* PROBLEM STATEMENT:
Repeat the whole listing below precisely. Omit all pictures.
┌─ GIVEN DATA
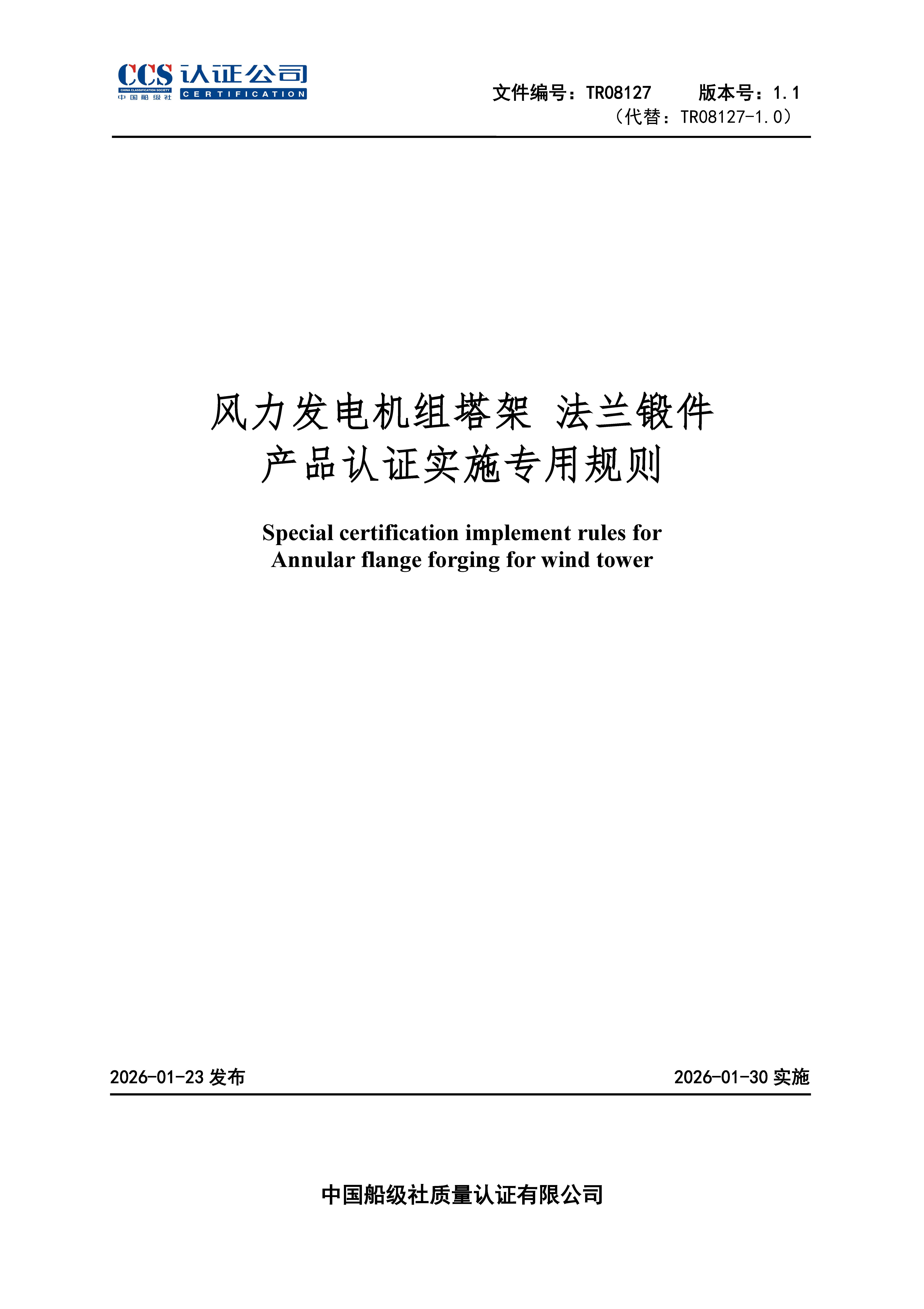 TR08127-1.1 风力发电机组 塔架法兰锻件产品认证实施专用规则
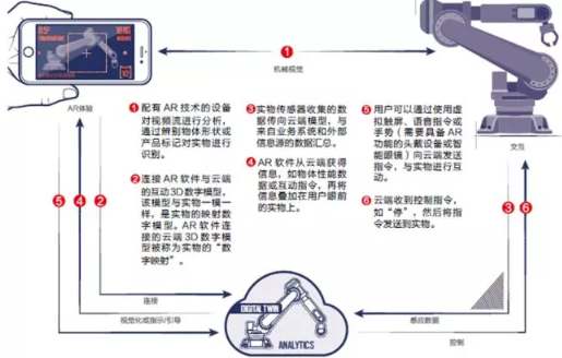 《哈佛商業(yè)評論》中文最新一期刊登了管理大師邁克爾波特和PTC的CEO Heppelmann聯(lián)合發(fā)布的文章《管理者的AR指南》。普通用戶可以下載這篇文章,只需要借助簡單的手機APP,就可以看到紙面上跳出來真實運轉(zhuǎn)的機器人,和機器人的數(shù)字孿生模型在不斷地跳閃著工作狀態(tài)。
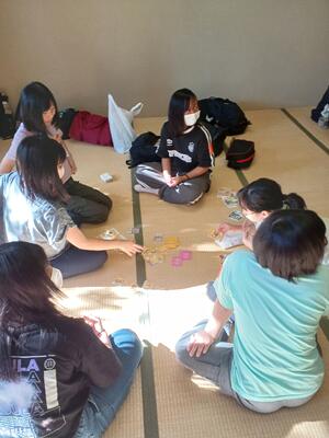 部屋の清掃を終え、出発まではそれぞれの部屋でカードゲームを楽しんでいました。
└─
* RESULT FOR THIS TASK:
 TR08127-1.1 风力发电机组 塔架法兰锻件产品认证实施专用规则
 《哈佛商業(yè)評論》中文最新一期刊登了管理大師邁克爾波特和PTC的CEO Heppelmann聯(lián)合發(fā)布的文章《管理者的AR指南》。普通用戶可以下載這篇文章,只需要借助簡單的手機APP,就可以看到紙面上跳出來真實運轉(zhuǎn)的機器人,和機器人的數(shù)字孿生模型在不斷地跳閃著工作狀態(tài)。
 部屋の清掃を終え、出発まではそれぞれの部屋でカードゲームを楽しんでいました。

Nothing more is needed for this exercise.